**Work to be completed**.
Please write out exactly the lines from the opening of the listing through the line that holds "(좌) 톱으로 피아노를", including both, and nothing else; no pictures.

**The data**.
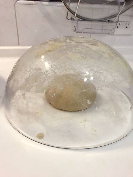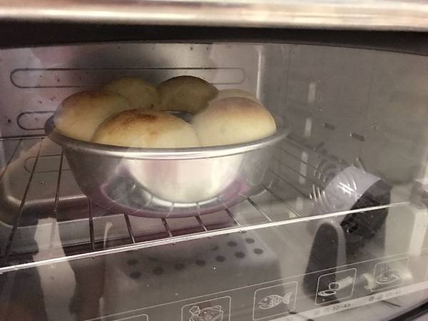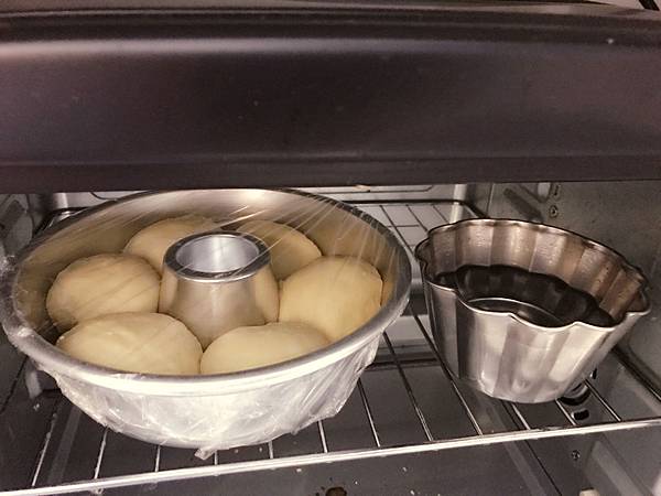30分鐘後,打開烤箱把麵糰跟水拿出來
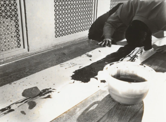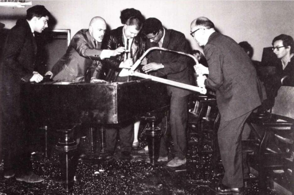 (좌) 톱으로 피아노를 썰고 있는 필립 코너 (우) 머리에 먹을 묻혀 그림을 그리는 백남준
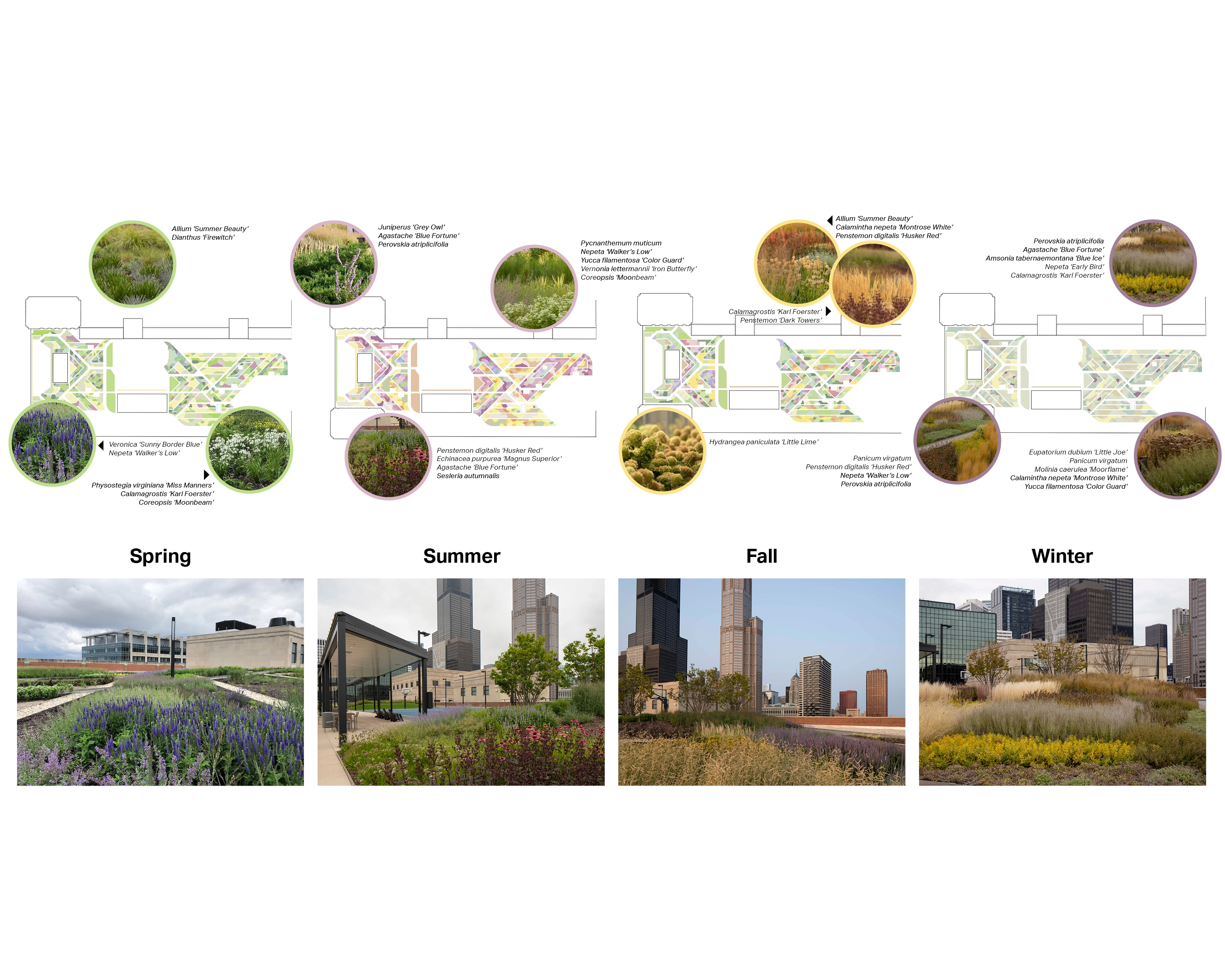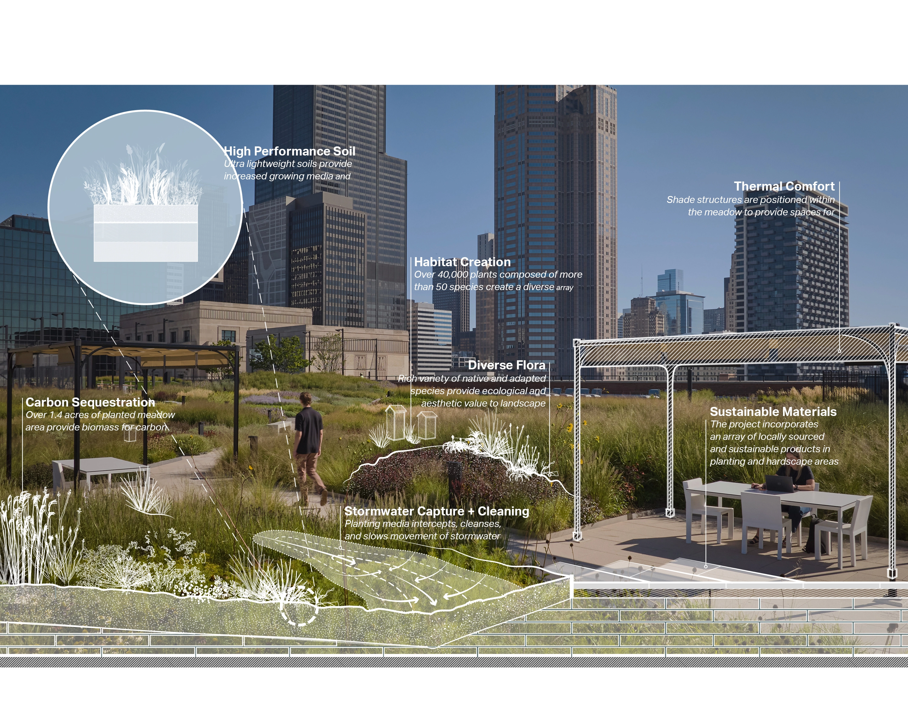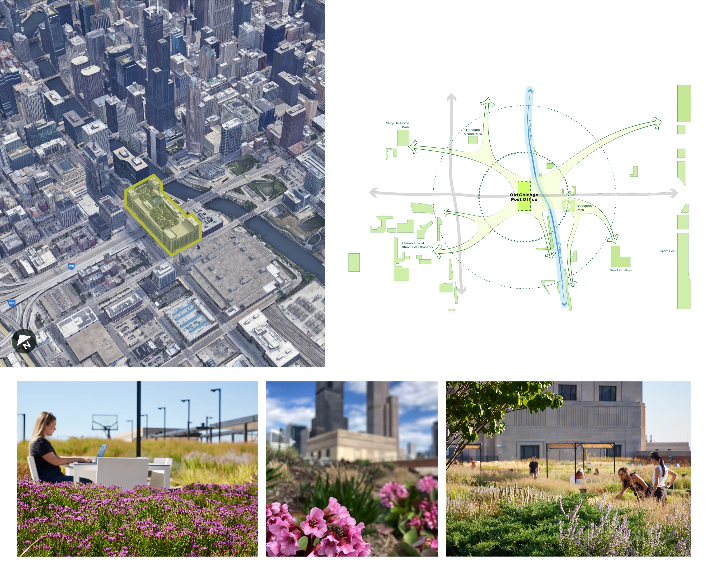 The Old Chicago Post Office story is the tale of how an iconic piece of architecture gained a second chance at life. Built in 1921, the 13-story structure occupies two city blocks with over 2.5 million SF space. Despite its size and recognition, the building fell victim to the modernization of the postal delivery system and closed. In 2016, developer 601W Companies purchased the building to revitalize it into a modern work environment. The surrounding neighborhood lacked the green space desired to support the influx of nearly 10,000 tenants who would occupy the building. Leveraging the building’s vast roof area, nearly four acres, the Meadow was born, becoming the nation’s largest private rooftop garden. Benefit to Wider Community: Through its adaptive reuse, Chicago has gained a sizeable new urban employment center. The project serves as a highly visible example of how rooftop landscapes can be used to accommodate a wide variety of programs in an attractive and sustainable setting. While it serves primarily as an area of respite and nature for tenants, the space can be rented for events and has already hosted a variety of conferences, fundraisers, and weddings. Sensitivity to Surrounding Aesthetics: The design of the rooftop was inspired by the building’s Art Deco style of architecture. Because of loading restrictions, the primary pathways were organized along major structural beams, setting the framework. Sensitivity to Surrounding Ecological Systems: The Meadow is a highly viable patch of nature in an urban environment. This robust landscape of native and adapted perennials and grasses promotes connectivity through its role as a habitat. Sheltered by a continuous perimeter of 8-foot-tall parapet walls, the Meadow provides a semi-protected landscape that many bird and insect species now call home. Three bee colonies have been added to the roof, to help pollinate the Meadows. Soil Innovation: The project’s greatest challenge was creating an immersive landscape while working within the loading constraints of the existing roof. The plants the design sought to utilize typically require a minimum of six to nine inches of soil depth which was not possible using traditional green roof soil mix. The design team worked with a green roof soil provider to create a new ultra-lightweight soil mix that would support the growth of larger perennials and grasses within the loading constraints of the existing roof. Because this was going to be the first application of the soil, and at such a large scale, the design team required the supplier to create and maintain a mockup on the roof for one growing season before construction. Materials and Installation Methods: With over 40,000 individual plants, the project sought to reduce the carbon footprint of the plant growing and delivery process by treating the project site as a nursery. Instead of installing larger-sized plant material, most of the plants were sourced as small plugs inserted into a biodegradable erosion mat. Water Management: The richly planted meadows serve as a giant sponge absorbing and filtering more than a quarter-million gallons of stormwater annually from entering the City’s strained storm sewer system. The roof intercepts and helps divert over 300K gallons of stormwater from entering the sewer system. As the largest above-grade green roof in Chicago, the Meadow illustrates how vegetated roofs can be attractive, functional, and an asset to development projects.

**Output**.
30分鐘後,打開烤箱把麵糰跟水拿出來
 (좌) 톱으로 피아노를 썰고 있는 필립 코너 (우) 머리에 먹을 묻혀 그림을 그리는 백남준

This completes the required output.